As a medical physicist who once took the Maintenance of Certification Exam years ago, Miriam Weiser, MS, has a piece of advice for her fellow ABR diplomates: Use Online Longitudinal Assessment (OLA) to satisfy Part 3 of Continuing Certification.
“A point-in-time exam is not easy to study for,” she said. “It’s hard to know, especially the first time you do it, what will be asked. At that time (when a 10-year exam was used instead of OLA), I don’t think we were focused as much on walking-around knowledge. I found it stressful, and I think that the OLA process has been an improvement.”

Miriam knows OLA well. She has been chair of the therapeutic medical physics question-writing committee for the platform since it was introduced to medical physics in 2020.
She sees the new Continuing Certification Exam, a one-day exam taken every five years, as a less desirable way to assess diplomate knowledge than OLA, where questions are issued and answered over time.
“As somebody who doesn’t test well, I find OLA to be more meaningful and a better method,” she said.
Most volunteers who write ABR Initial and Continuing Certification questions get their inspiration from the workplace. Miriam, who works for Kaiser Permanente Northwest in Portland, is no exception. She wants to produce relevant questions, not ones that only apply to a limited audience.
She believes that writing ABR questions isn’t an opportunity for volunteers to flaunt their knowledge.
“I don’t want to write a hard question just for the sake of a hard question,” Miriam said. “I want questions that will let people show the knowledge they have and what they’re doing in their clinic.”
OLA questions go through an extensive vetting process in committees before they’re sent to participants. Miriam said it’s important that diplomates give feedback when they run across a question they think is too vague or doesn’t fit their work. Participant feedback can trigger an internal process that sometimes results in the question being pulled.
“If you see a question you think isn’t appropriate, please flag it,” she said. “We do review it, and I want to see that.”
Mike Taylor, MS, is a former co-worker of Miriam’s who has known her for almost 20 years. He invited her to become an ABR volunteer and has been impressed with what she has helped accomplish.
“Miriam played a key role in the development and rollout of the OLA program, helping guide the transition from the 10-year exam with thoughtfulness and care,” he said. “Her steady dedication didn’t just improve the process … it helped create a better experience for ABR diplomates.”
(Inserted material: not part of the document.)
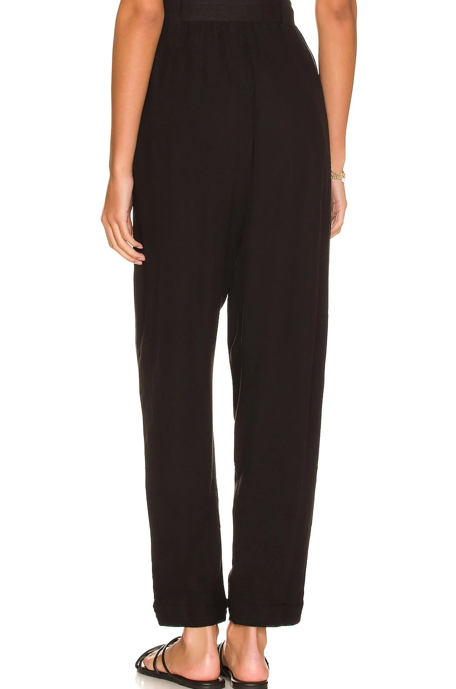 70% rayon 30% linen.Made in Indonesia.Hand wash.Front tie closure.Side seam pockets.Lightweight gauze fabric.Item not sold as set.20" at the knee narrows to 11" at the leg opening

As often occurs in smaller subspecialties, Miriam also has served as an ABR oral examiner. She said the process is rigorous, for examinees and even for examiners, as they try to determine whether physicians or physicists are safe to practice independently.
“Every year I do it, I am a little anxious going in,” she said. “I can’t compare it to the nerves I felt as an examinee. But the examiners really want to help examinees demonstrate their knowledge in the best way possible.”
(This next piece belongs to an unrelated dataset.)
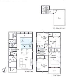 | 間取り | 4LDK 間取り内訳:リビングダイニングキッチン 16.5帖(1階)・洋室 6.7帖(2階)・洋室 5.2帖(2階)x2・洋室 4.5帖(2階) |

Miriam took her certifying oral exam in Louisville, a former rite of passage for ABR diplomates. She said the move to remote exams has been a positive change for those giving and taking exams.
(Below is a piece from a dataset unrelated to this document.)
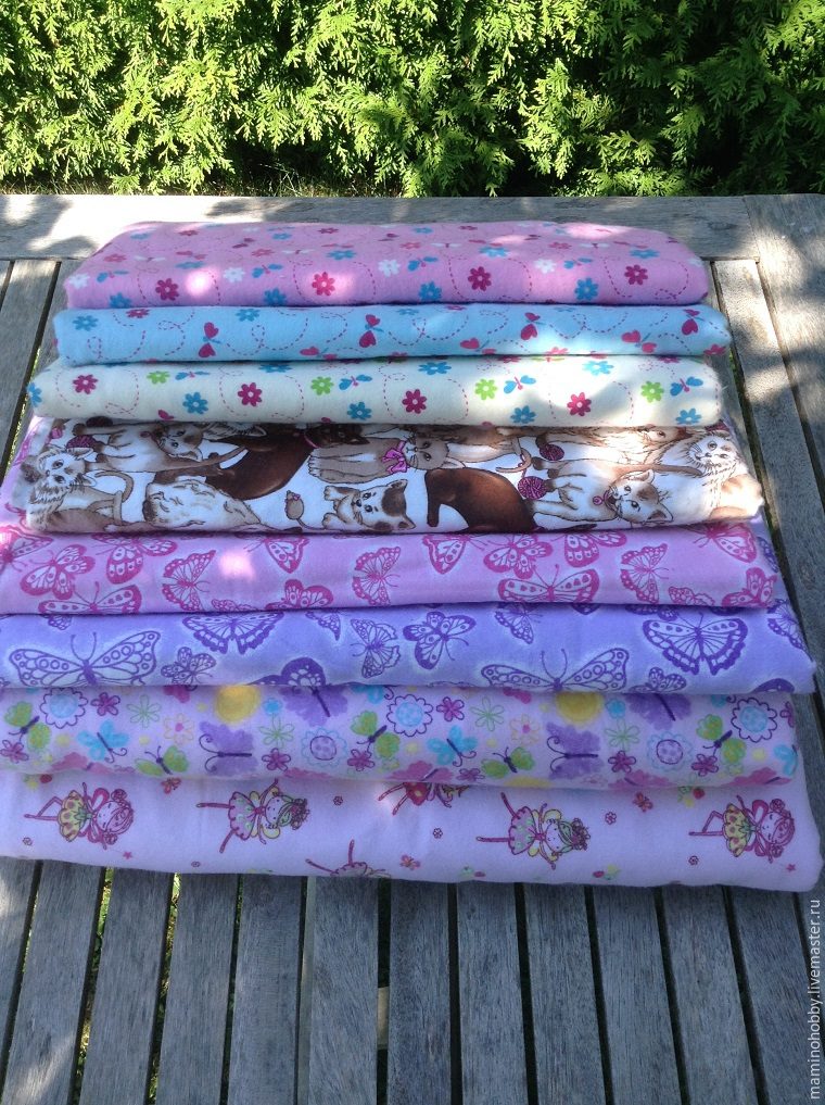 Для этого проекта я достала из закромов родины вот такую фланель. Это американская фланель с двусторонним начесом. Поскольку одеялки у нас двусторонние, то у такой фланени будет повышенная теплоизоляция и максимальное сцепление поверхностей двух полотен, соответвтенно, не будет скольжения верха и низа одеялка отностительно друг друга. Конечно, все знают, что фланель прекрасно дышит и очень приятна к телу. Как раз то, что подходит для нежной кожицы малыша или малышки.

“It was unbelievably stressful,” she said. “I think doing the remote exams is better. Certainly, for me as an examiner, and I hope for examinees, too. I think we’ve improved a lot there.”
On the Continuing Certification side, she believes that answering OLA questions goes beyond diplomate obligation. Miriam finds the platform educational and a great way to gauge physician or physicist knowledge, which benefits the public.
“I find OLA to be a good learning process,” she said. “I like that if you get a question wrong, you have the opportunity to understand the answer. We try to provide a good rationale and then you get to see a variation of the question and hopefully improve. I think it’s a really good method, especially for people who are working in the clinic. They get to know what they know and what they don’t know and improve their knowledge and hopefully their patient care. That’s the ultimate goal.”